O encontro, que durou cerca de uma hora, foi o passo inicial para o cumprimento de pena de Cid. Delator no caso, ele foi condenado a dois anos de prisão em regime aberto por participação na tentativa de golpe de Estado, a menor pena dentre os réus do núcleo 1.  

Na audiência de hoje, a juíza auxiliar de Alexandre de Moraes informou o tenente-coronel a respeito das condições que deverá cumprir no regime aberto.  

São elas: proibição de sair da comarca e recolhimento domiciliar no período noturno (entre às 20h e 6h); obrigação de comparecer semanalmente no Juízo do DF; proibição de sair do país, de portar arma de fogo, de usar redes sociais e de ter contato com outros réus do núcleo 1.  

 

 

Na audiência, a defesa de Cid reforçou o pedido de extinção da pena, mas lhe foi dito que a petição ainda será analisada por Moraes.  

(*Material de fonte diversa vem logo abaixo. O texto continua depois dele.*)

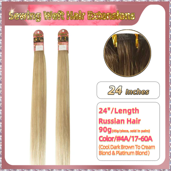 24'' Sewing Weft Hair Extensions 2 Strips Standard Full Head (Blond)
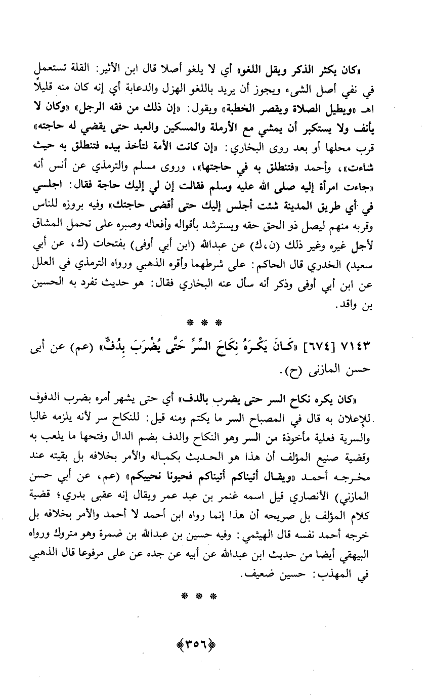 674 - (كَانَ يكره نِكَاح السِّرّ حَتَّى يضْرب بدف) عَم عَن أبي حسن الْمَازِني ح
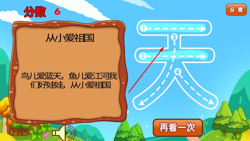 3、右侧是汉字的笔画书写顺序指引,可以按照右侧的笔画顺序指引,在屏幕上跟随书写汉字,同时结合左侧的儿歌内容,加深对汉字的认识和记忆。
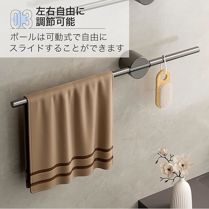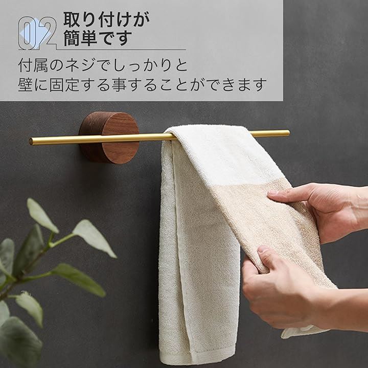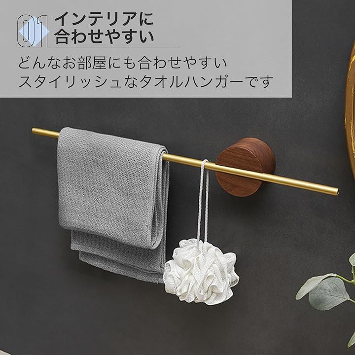 タオル掛け 洗面所 タオルホルダー 省スペース 木製 壁 おしゃれ 穴開けない 40 cm
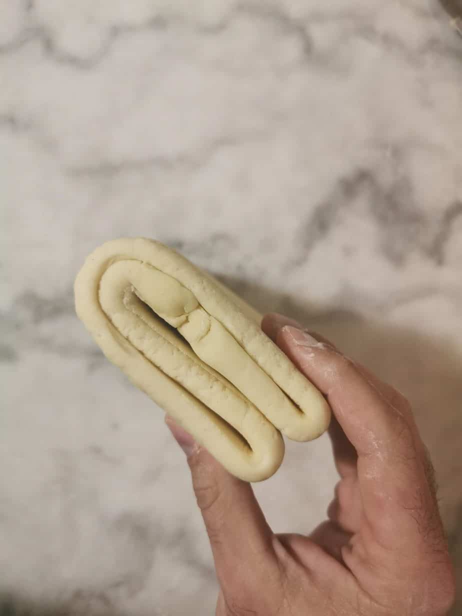 • Astuce n°5 : Faites en sorte que la jonction entre les deux parties pliées ne tombe pas au milieu du pâton. En réalisant cette astuce, vous vous assurez de la parfaite jonction entre les deux parties, même lorsque vous réaliserez le prochain tour.
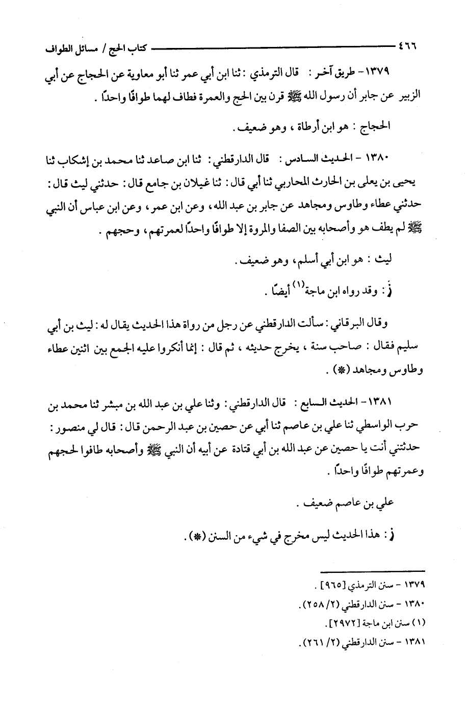 1380 - الحديث السادس : قال الدارقطني : ثنا ابن صاعد ثنا محمد بن إشكاب ثنا يحي بن يعلى بن الحارث المحاربي ثنا أبي قال : ثنا غيلان بن جامع قال : حدثني ليث قال : حدثني عطاء وطاوس ومجاهد عن جابر بن عبد الله ، وعن ابن عمر ، وعن ابن عباس أن النبي لم يطف هو وأصحابه بين الصفا والمروة إلا طوافا واحدا لعمرتهم ، وحجهم .
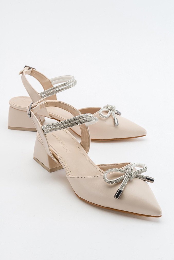 Bej Fiyonklu Modern Klasik Topuklu Kadın Ayakkabı

Na decisão que determinou o início do cumprimento de pena para o militar, Moraes pediu que fosse realizada a contagem do período em que Cid ficou preso provisoriamente. O número de dias será descontado da pena que o tenente-coronel precisa cumprir. 

O tenente-coronel ficou preso preventivamente entre 3 de maio de 2023 e 8 de setembro do mesmo ano, totalizando 4 meses e 5 dias. No entanto, está há dois anos e cinco meses cumprindo medidas restritivas de liberdade, como o uso da tornozeleira.  

A defesa pediu que essas medidas sejam consideradas na contagem de abatimento da pena, mencionando decisões semelhantes já proferidas no STJ (Superior Tribunal de Justiça).